Anyone migrating to the cloud needs to do at least some basic calculations of the costs around this. Besides the obvious strategic benefits of moving to the cloud such as – business agility, increases in productivity, etc. – the cold hard truth is in the end, the financial benefits will outweigh the other. And even if it isn’t, dedicated and committed organisations need to know the initial/intermittent costs, and eventually a calculation/simulation of the potential of cost savings. In this blog post, we are going to put some stakes into the ground for a solid calculation of the total cost of ownership (TCO) for a migration to the cloud.
What will it cost? When will it Amortise?

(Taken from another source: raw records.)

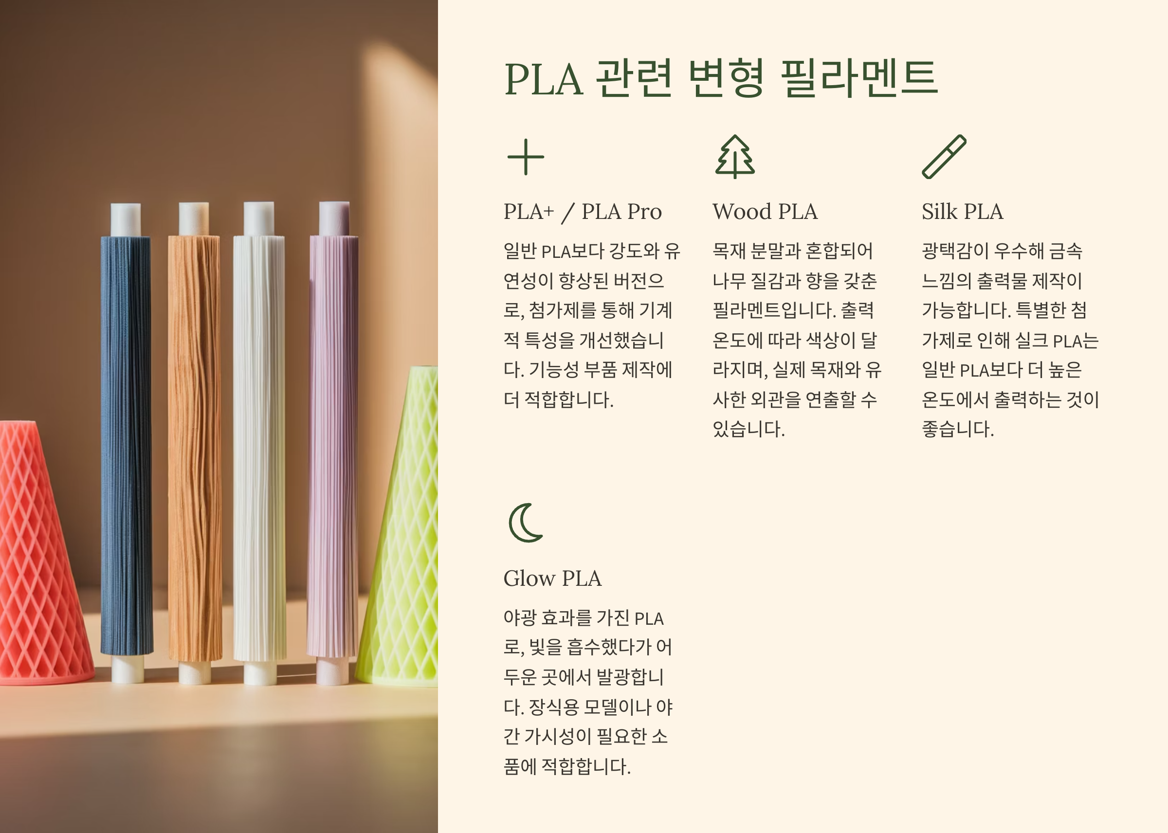 기본 PLA 외에도 투명, 무광, 반짝이, 대리석, 목재 질감 등 다양한 특수 효과를 가진 필라멘트가 있어 풍부한 표현이 가능합니다.
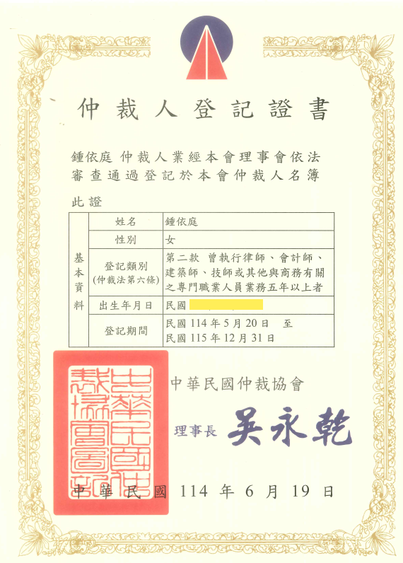 鍾依庭律師取得中華民國仲裁協會之仲裁人資格,未來能為客戶提供更多元的紛爭解決管道。
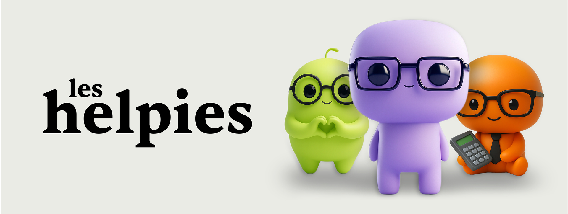 J’ai voulu créer une identité capable d’équilibrer deux promesses essentielles — l’expertise sérieuse attendue d’un cabinet d’audit et la proximité humaine nécessaire pour instaurer la confiance. Le logotype « hlp. » en caractère à empattement fonctionne comme l’ancrage institutionnel : sa typographie donne immédiatement une impression de stabilité, de métier établi et de rigueur; c’est la signature responsable qui rassure les interlocuteurs les plus exigeants. Autour de cette assise typographique, les mascottes jouent le rôle inverse et complémentaire : formes douces, volumes 3D, grands yeux et accessoires (lunettes, calculatrice, etc.) apportent de l’empathie visuelle et humanisent le discours. Leur présence n’enlève rien au sérieux du cabinet — au contraire, les accessoires hiérarchisent et codifient la compétence (lunettes = expertise, calculatrice = technicité) : c’est une manière subtile de montrer que nous sommes à la fois compétents et accessibles, la mascotte illustre la promesse de HLP : accompagner les clients pas à pas — « avançons ensemble » — et rendre le parcours plus lisible et rassurant.
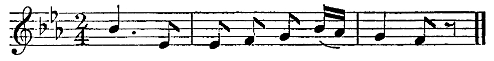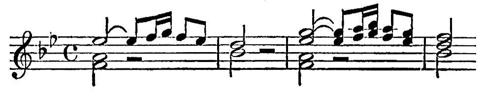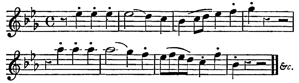 (3) There are several cases in which, without direct adaptation, Haydn has shown the same tendency of thought or phrase as the Slavonic folksongs. A favourite “curve” of his may be illustrated by the opening of the B♭ Symphony (Salomon, No. 9)—
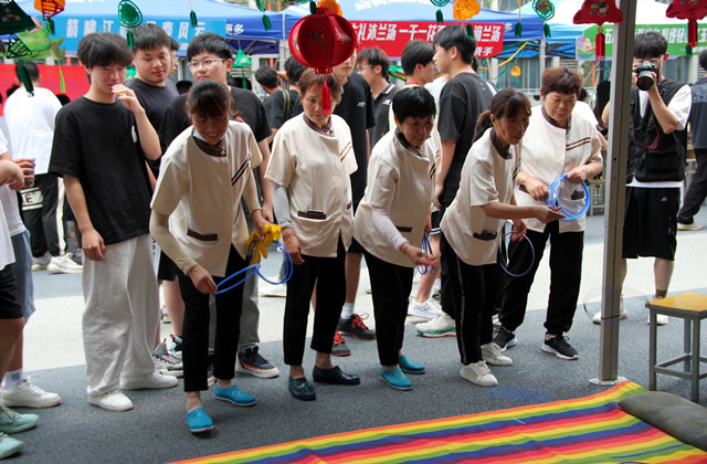 投壶游戏具有上千年的历史传统,是中华民族宝贵的非物质文化遗产。射五毒寓意着“强身健体”,通过射五毒来提醒人们注意防范毒虫,也有无病无灾的美好祝愿。同学们通过投壶、射五毒、套圈等游戏角逐激烈,获得参与端午民俗体验活动的门票。师生们寻找角度,稳住心态,瞄准投射,活动现场气氛热烈浓厚。

These are the immediate questions everybody faces when considering the move to the cloud. There are no easy answers to these questions, except that it will cost you some money, and chances are pretty good that the investment will amortise very soon. Concerns about all the fuss about cloud sprawl, taking control of your cloud, and promises of savings potential of up to 40% – these are real claims backed by evidence, but in a different problem space. They specifically address companies already operating in the cloud, i.e. those who have already completed their migration or are in the late stages of it. Your problem is different though: You are considering whether to migrate to the cloud (you should), how to do it (in a series of paced well-defined small steps), and how much it will cost (not much more if planned well and embedded into day-to-day DevOps). Below, we will outline the most important parts of a TCO calculation for migrating to the cloud. It is nowhere near being complete, but it will point you in the right direction. Now, let’s get started. Broadly speaking, calculating the TCO of migrating to the cloud must cover at least the following categories:
- IT assets
- Resource utilisation, consumption patterns, and IT architecture
- Personnel & skillsets
- Cost transparency and awareness.
The last aspect, cost transparency and awareness, is less of a technical, but more of a company cultural aspect which will cut across and impact all other aspects of your TCO analysis and more importantly, determine the overall success of your cloud migration. Typically, this will result in a series of cost simulations that compare various scenarios varying in key parameters, such as expected resource usage patterns, migration budget, time constraints, and other key factors which influence the resulting TCO and budget allocated for the migration. Let’s look a bit deeper into each of these aspects.
- IT assets
This aspect is the most prominent and most discussed benefit of migrating to the cloud: The switch from CAPEX (capital expenditure) to OPEX (operational expenditure) when migrating to the cloud is largely driven by the fundamental shift of how IT resources are procured. Costs related to IT assets are largely independent of the other factors as they concern only tangible, real-world hardware and facilities. These costs will change no matter the make-up of your IT workloads (see below). Cloud computing is and always will be an outsourcing endeavour, however with significantly different service delivery parameters and options.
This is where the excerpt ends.